How do I manage a 1DTE iron condor when SPX breaches one of my short strikes?
VixShield Answer
A breached short strike means SPX has moved through the price at which you sold your short call or short put. The position is now in-the-money on one side, and losses are accumulating. This is the highest-stress moment in iron condor trading — and where pre-planned rules matter most.
The VixShield response framework:
Step 1: Check the ALVH hedge. If SPX is dropping sharply enough to breach your short put, VIX is likely rising simultaneously. Check if your ALVH VIX call positions are offsetting the loss. If yes, the net P&L picture is significantly better than the iron condor P&L in isolation.
Step 2: Compare to your pre-defined exit level. You should have set this before entering the trade. If SPX has reached your exit trigger (typically a point where the short strike is 50% in-the-money), exit the full condor immediately.
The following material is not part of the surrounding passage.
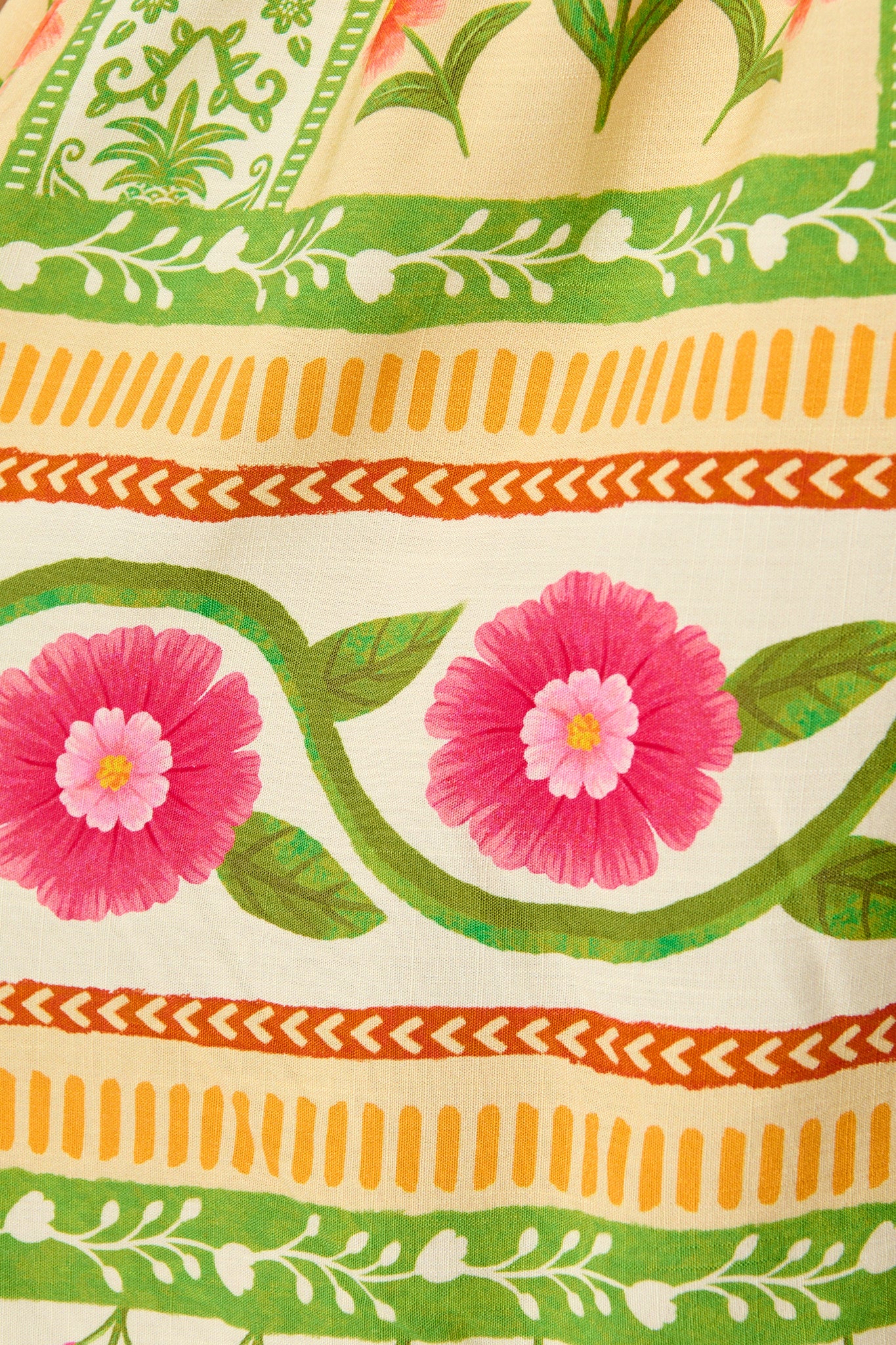 Brighten up your weekend wardrobe with the Sunset Squeeze Playsuit in Pineapple Print. This fun, fresh playsuit is made for warm weather getaways, laid-back lunches, and afternoons in the sun. The lightweight, breathable Rayon ensures you stay cool, while the playful pineapple print instantly lifts your mood.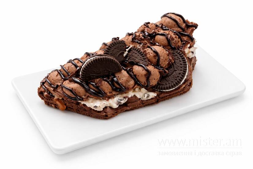 Шоколадна вафля власного виробництва, начинка орео, топінг шоколад, крихти вафельні, крихти чорного шоколаду.

Do not wait.
Step 3: Accept the loss cleanly. A controlled loss within defined parameters is not a failure — it is the system working correctly. The goal is to survive to trade the next session.
Never add to a losing position or double-down to average the loss. That path converts a manageable loss into a potential catastrophic one.
💬 Community Pulse
Breached short strikes are the defining test of an options trader's discipline. Reddit consistently documents the same story: trader gets breached, does not exit, hopes it recovers, it does not, maximum loss is taken. The VixShield lesson is simple: exit triggers set before the trade eliminate the decision point when it matters most.